The thing that most people are interested in when they talk site stats are visitor figures. However ironically these are some of the hardest stats to accurately check. I've never seen any blogs talking about visitor stat's, so I hope I'm not treading on any unwritten rules here.

In Dec my bandwidth usage was 3.68GB. This seems quite a lot for a small site, but I imagine a large proportion of this comes from my photo gallery, which is obviously quite KB heavy. This is backed up by the fact that calls to my photo gallery image directory accounted for around 45.96% of my bandwidth last month.

As far as pages go, it seems that quite a few people are subscribed to my rss feed. My rdf page got 61,971 requests last month accounting for 9.56% of my total bandwidth. My blog index page had 17,933 requests whereas my photo gallery page came in at 2,314.

In total, my server dealt with 680,200 successful requests in Dec, serving up 35,117 pages to 16,664 distinct hosts. However in all truth I have no idea what all of this means. Without some kind of yard stick, it's really difficult to put server stats in perspective.

Posted at January 14, 2004 7:57 PM

Comments

David House said on January 14, 2004 9:25 PM

They sound good though :)

Scrivs said on January 14, 2004 9:39 PM

Stats have always been the thing that intrigues me the most. I guess that’s why I wrote an entry about it not too long ago. I will admit though that 3.68 GB is a lot of bandwidth. I can see how that is attributed to your photo gallery.

Another confusing thing is how everyone seems to use different terms for different stats. Visitors, unique visitors, page views, hits, requests, distinct hosts. It can all get pretty daunting.

May I ask what you are using to check your stats?

Roger said on January 14, 2004 10:15 PM

My site doesn’t get quite the amount of traffic that you have here, but the statistics are similar. Of those visiting my site, almost 20 % are on a Mac. I was thinking about this the other day, and I think you’re right in assuming that many web standards people are Mac users.

Zelnox said on January 15, 2004 12:06 AM

Like Scrivs, I’m curious also. Andy, you mind sharing with your fans what service to track all these statistics, please? _

qid said on January 15, 2004 1:40 AM

You were asking for a yardstick, so here goes… Your blog index page got 17933 requests in December, mine got 344. I have exactly two readers (my dad and one of my friends online), so using a simple ratio you have perhaps 100 consistent readers. Interestingly enough, when I compare my total hits in December (13380) to your total hits (680200), the ratio is nearly identical (2.5% difference). I have no idea what that means, but it’s probably something interesting.

Scrivs said on January 15, 2004 1:52 AM

Well if Andy is using AWStats I guess I will share my stats, otherwise it would be pointless comparing Apples to Oranges.

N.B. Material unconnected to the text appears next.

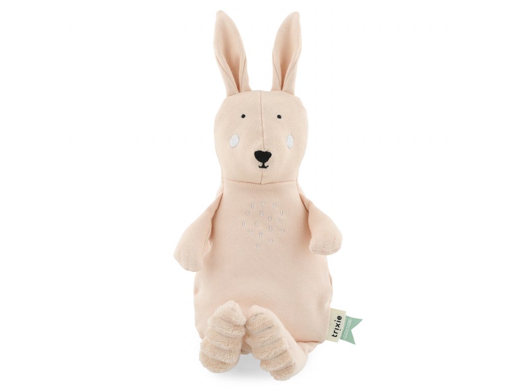 Tato unikátní plyšová hračka z nové kolekce Trixie Baby World of Play je vyrobena ze 100% čisté organické bavlny, takže neobsahuje absolutně žádné škodlivé látky, které nechcete, aby se k Vašemu děťátku dostaly. Navíc je uvnitř plněná 100% recyklovaným polyesterem, takže její výroba je šetrná k naší planetě. Hračka je krásně měkoučká a můžete si hrát s rukama, nohama i ocáskem, a posazovat ji do různých pozic. V zadní části zvířátka jsou malé kuličky, díky kterým hezky drží a navíc trochu šustí, a tím se stává ještě zajímavější. Větší velikost skvěle poslouží i jako polštářek.

Shaun Inman said on January 15, 2004 2:36 AM

I think the Mac/Standards correlation has to do with the shared dispositions of Mac enthusiasts, an appreciation of the finer details. It’s reflected in Apple hardware, the Mac OS and Apple peripherals. It’s also reflected in light structural source and whiz-bang CSS. Sure, you can use any old WYSIWYG to churn out a bunch of web pages that will look fine in IE/NS 4.x but there’s still an art in producing code that looks good and validates. And that’s what Mac users typically are, artists.

Not that you can’t be an artist if you use a generic PC but the Mac platform clearly has a higher percentage of creative professionals—aided in part by it’s low market share.

Quasi said on January 15, 2004 3:03 AM

John Gruber of www.daringfireball.net tends to post his stats too in case you were wondering.

Dris said on January 15, 2004 3:28 AM

I have mentioned my stats from time to time in my blog, but not often. I simply open them to the public (a practice I probably won’t continue for long, for several reasons).

The main reason I like stats, besides gauging the growth of regular readers, is that I get to see where people are coming in from. It’s difficult to gain regular readers (outside those whom you know personally) when the web is so full of good content. Seeing where people come from helps tell me a lot about my visitors, including their interests and what they’re looking for.

Most of my users come from the CSS Zen Garden, and from comments I post in other peoples’ blogs. That by itself can be a treasure trove of information if interpreted right.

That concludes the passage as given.